Top of Entries shown
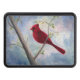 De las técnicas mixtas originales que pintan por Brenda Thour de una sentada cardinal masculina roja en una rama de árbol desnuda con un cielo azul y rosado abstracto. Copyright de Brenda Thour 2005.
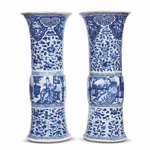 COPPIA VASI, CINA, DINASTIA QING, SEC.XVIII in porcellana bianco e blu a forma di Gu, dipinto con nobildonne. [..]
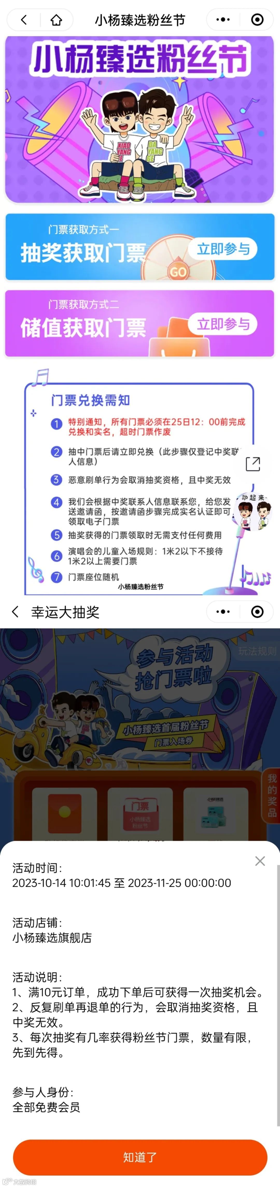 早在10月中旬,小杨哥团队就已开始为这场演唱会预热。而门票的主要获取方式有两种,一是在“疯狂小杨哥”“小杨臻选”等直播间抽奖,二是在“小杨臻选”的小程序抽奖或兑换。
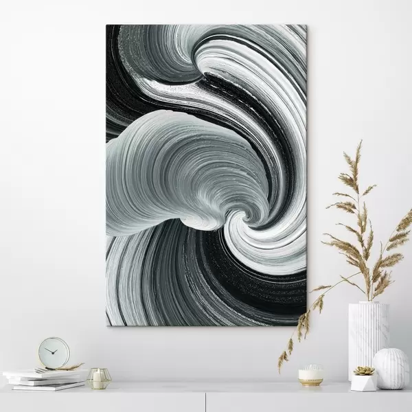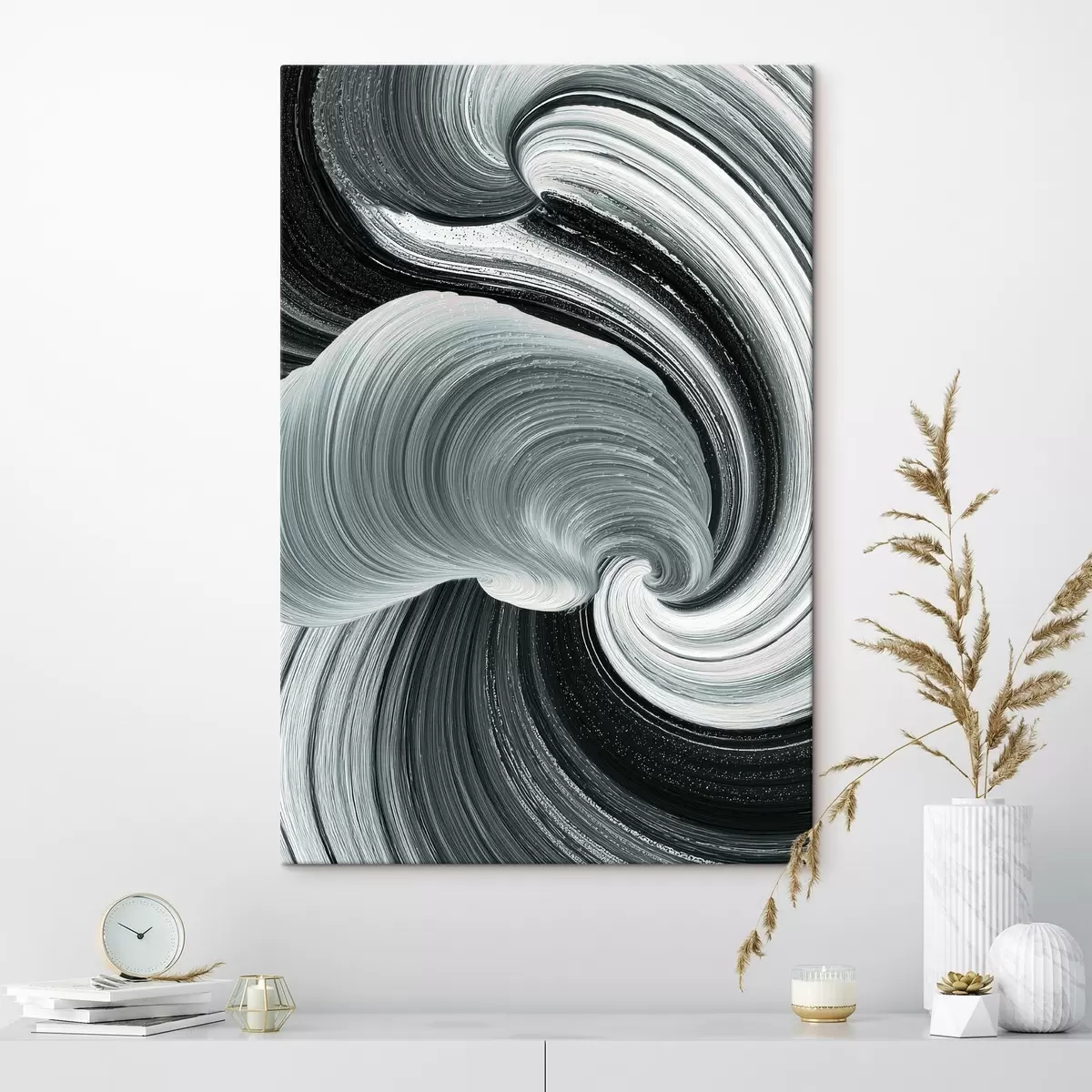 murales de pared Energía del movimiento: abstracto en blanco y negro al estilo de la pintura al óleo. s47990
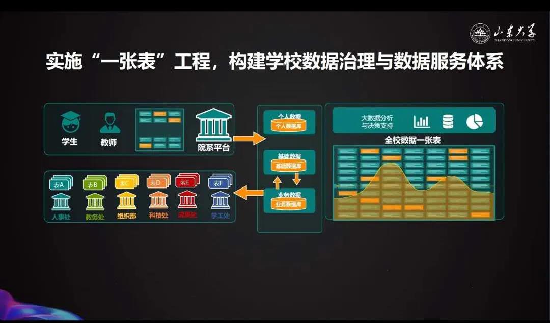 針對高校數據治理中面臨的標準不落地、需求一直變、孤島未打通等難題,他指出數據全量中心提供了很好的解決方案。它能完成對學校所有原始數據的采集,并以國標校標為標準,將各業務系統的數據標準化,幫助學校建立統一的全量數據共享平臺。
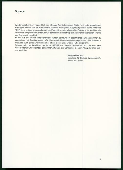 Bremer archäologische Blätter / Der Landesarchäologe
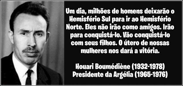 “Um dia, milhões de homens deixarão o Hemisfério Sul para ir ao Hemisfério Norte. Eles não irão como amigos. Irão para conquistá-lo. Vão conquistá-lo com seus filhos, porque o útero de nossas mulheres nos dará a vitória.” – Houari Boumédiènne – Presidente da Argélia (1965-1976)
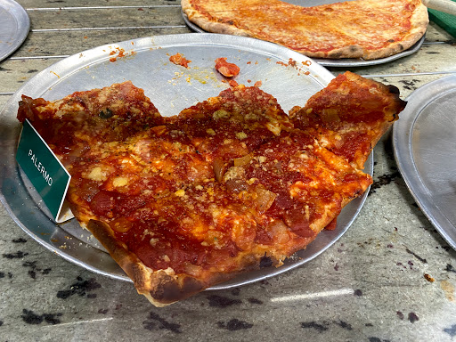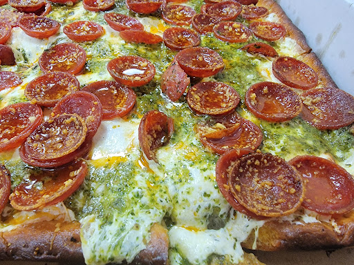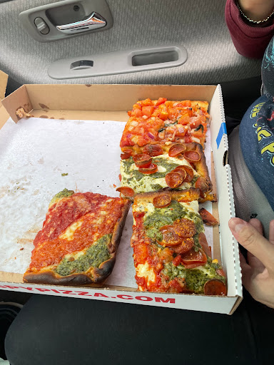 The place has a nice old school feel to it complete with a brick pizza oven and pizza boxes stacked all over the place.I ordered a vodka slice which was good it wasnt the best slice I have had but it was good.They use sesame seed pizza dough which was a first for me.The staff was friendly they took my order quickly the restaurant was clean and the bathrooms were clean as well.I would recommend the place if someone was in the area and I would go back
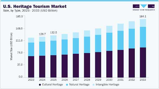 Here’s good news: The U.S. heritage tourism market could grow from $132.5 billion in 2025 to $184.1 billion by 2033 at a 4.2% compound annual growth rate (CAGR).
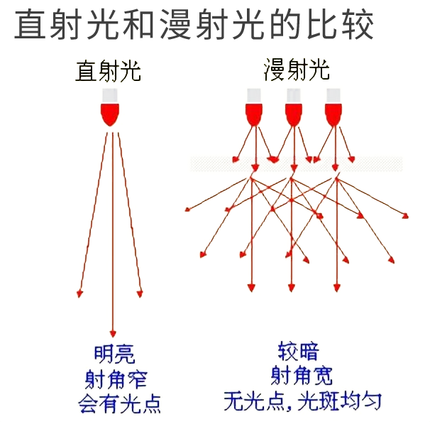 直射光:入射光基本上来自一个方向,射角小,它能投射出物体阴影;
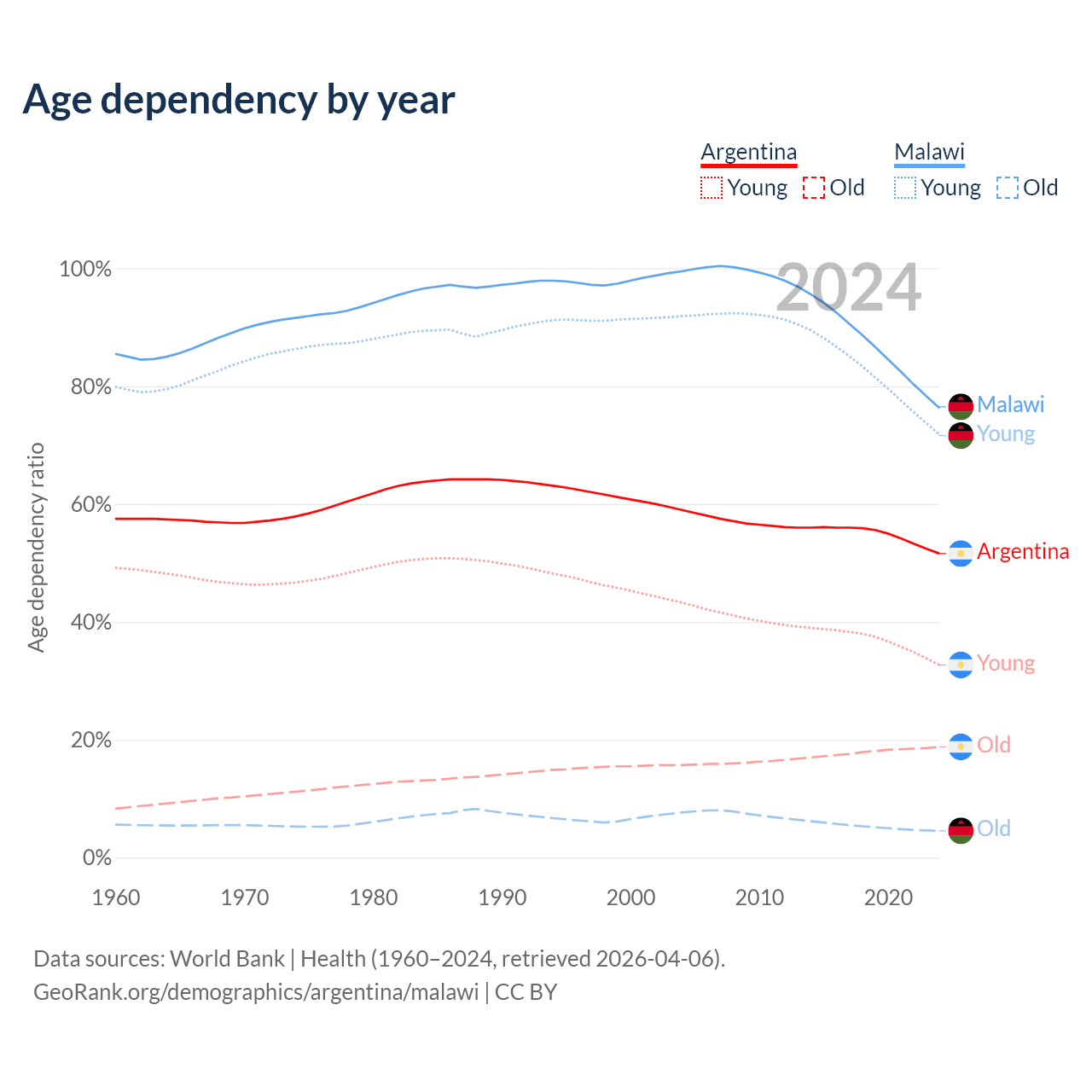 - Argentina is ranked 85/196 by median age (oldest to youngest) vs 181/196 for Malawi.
Bottom of Entries shown
▸ Task goal:
Once the line with "Bremer archäologische Blätter" has been found above, output that line and every later line exactly, stopping after the line with "直射光:入射光基本上来自一个方向,射角小,它能投射出物体阴影;", and omit the pictures.

▸ Output below:
 Bremer archäologische Blätter / Der Landesarchäologe
 “Um dia, milhões de homens deixarão o Hemisfério Sul para ir ao Hemisfério Norte. Eles não irão como amigos. Irão para conquistá-lo. Vão conquistá-lo com seus filhos, porque o útero de nossas mulheres nos dará a vitória.” – Houari Boumédiènne – Presidente da Argélia (1965-1976)
 The place has a nice old school feel to it complete with a brick pizza oven and pizza boxes stacked all over the place.I ordered a vodka slice which was good it wasnt the best slice I have had but it was good.They use sesame seed pizza dough which was a first for me.The staff was friendly they took my order quickly the restaurant was clean and the bathrooms were clean as well.I would recommend the place if someone was in the area and I would go back
 Here’s good news: The U.S. heritage tourism market could grow from $132.5 billion in 2025 to $184.1 billion by 2033 at a 4.2% compound annual growth rate (CAGR).
 直射光:入射光基本上来自一个方向,射角小,它能投射出物体阴影;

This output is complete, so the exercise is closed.